▶ [Try it] A faithful copy of each entry below is expected, with the images removed.
··· Dataset excerpts
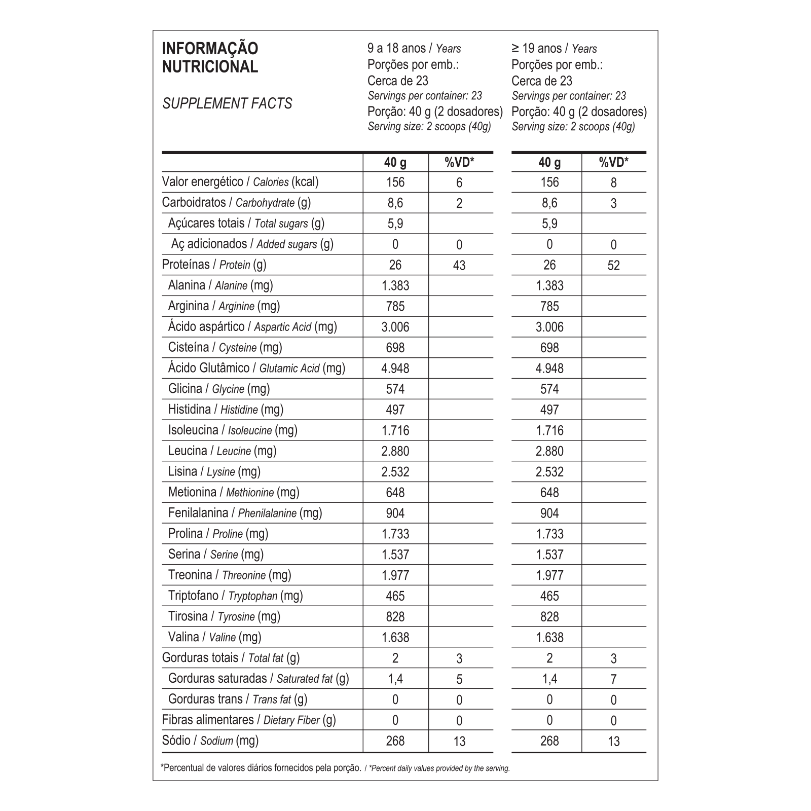 A linha Mais Natural fornece 26g de proteínas por porção, contendo altas quantidades de aminoácidos essenciais e com aromas, corantes e edulcorantes naturais (estévia e taumatina).
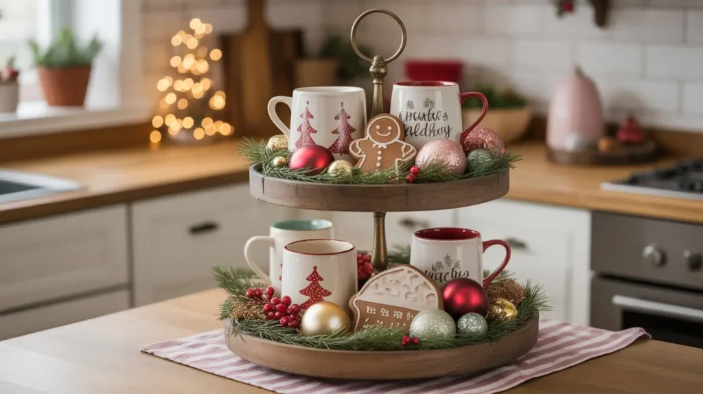 11. Christmas Tiered Tray Kitchen Display
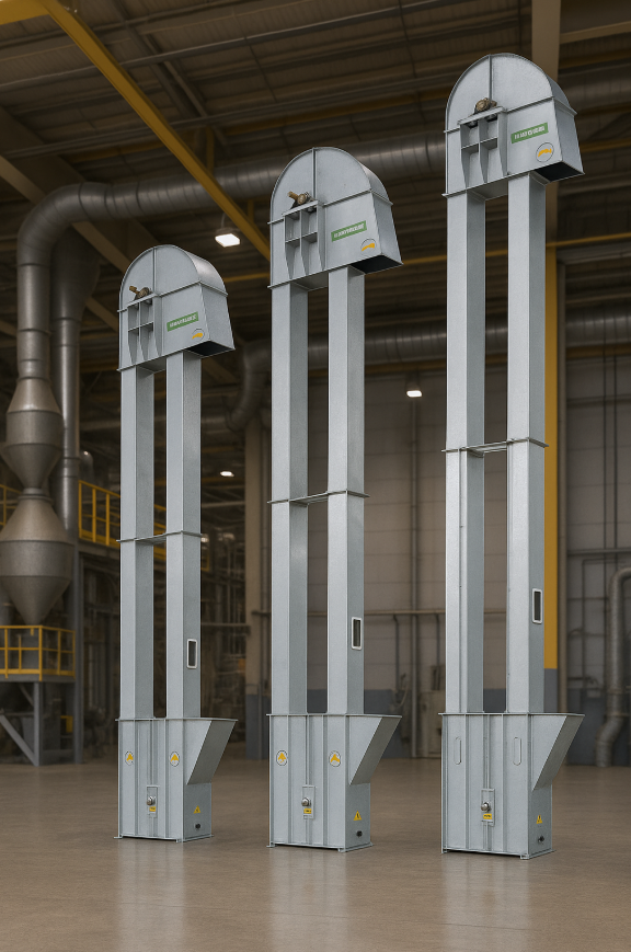 Elevatori a tazze serie “E” per trasporto verticale di materiali sciolti (cereali secchi e umidi, semi, farine): struttura modulare, tazze in polietilene antiusura e gruppo motore compatto per portate elevate e manutenzione semplificata.
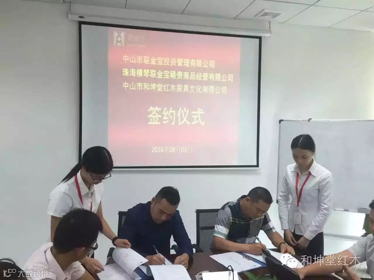 2016年8月1日,和坤堂红木与联金宝正式签订战略合作协议
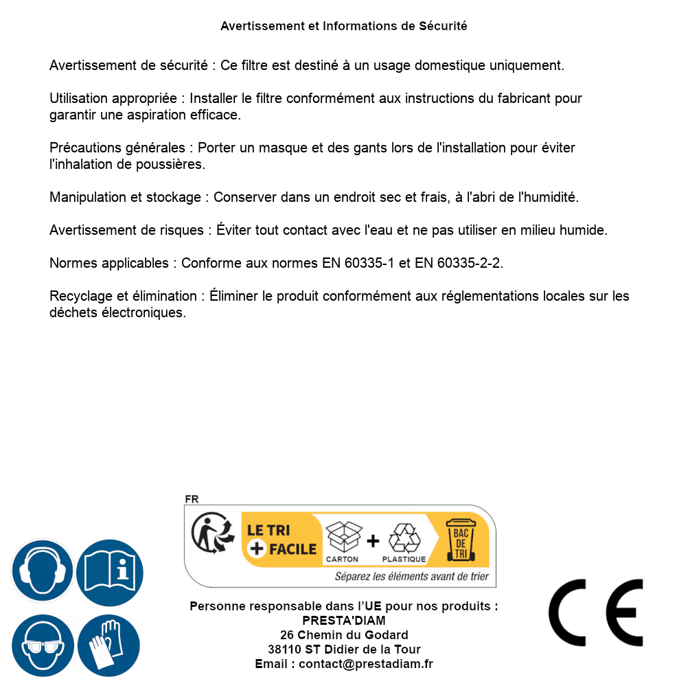 | AVERTISSEMENT et SECURITE | Avertissement de sécurité : Ce filtre est destiné à un usage domestique uniquement.Utilisation appropriée : Installer le filtre conformément aux instructions du fabricant pour garantir une aspiration efficace.Précautions générales : Porter un masque et des gants lors de l'installation pour éviter l'inhalation de poussières.Manipulation et stockage : Conserver dans un endroit sec et frais, à l'abri de l'humidité.Avertissement de risques : Éviter tout contact avec l'eau et ne pas utiliser en milieu humide.Normes applicables : Conforme aux normes EN 60335-1 et EN 60335-2-2.Recyclage et élimination : Éliminer le produit conformément aux réglementations locales sur les déchets électroniques. Identification de la personne responsable dans l’UE : Nom : PRESTA'DIAM. Adresse : 26 Chemin du Godard, 38110 ST Didier de la Tour (France). Email : contact@prestadiam.fr. |
······
▶ [Answer space]
 A linha Mais Natural fornece 26g de proteínas por porção, contendo altas quantidades de aminoácidos essenciais e com aromas, corantes e edulcorantes naturais (estévia e taumatina).
 11. Christmas Tiered Tray Kitchen Display
 Elevatori a tazze serie “E” per trasporto verticale di materiali sciolti (cereali secchi e umidi, semi, farine): struttura modulare, tazze in polietilene antiusura e gruppo motore compatto per portate elevate e manutenzione semplificata.
 2016年8月1日,和坤堂红木与联金宝正式签订战略合作协议
 | AVERTISSEMENT et SECURITE | Avertissement de sécurité : Ce filtre est destiné à un usage domestique uniquement.Utilisation appropriée : Installer le filtre conformément aux instructions du fabricant pour garantir une aspiration efficace.Précautions générales : Porter un masque et des gants lors de l'installation pour éviter l'inhalation de poussières.Manipulation et stockage : Conserver dans un endroit sec et frais, à l'abri de l'humidité.Avertissement de risques : Éviter tout contact avec l'eau et ne pas utiliser en milieu humide.Normes applicables : Conforme aux normes EN 60335-1 et EN 60335-2-2.Recyclage et élimination : Éliminer le produit conformément aux réglementations locales sur les déchets électroniques. Identification de la personne responsable dans l’UE : Nom : PRESTA'DIAM. Adresse : 26 Chemin du Godard, 38110 ST Didier de la Tour (France). Email : contact@prestadiam.fr. |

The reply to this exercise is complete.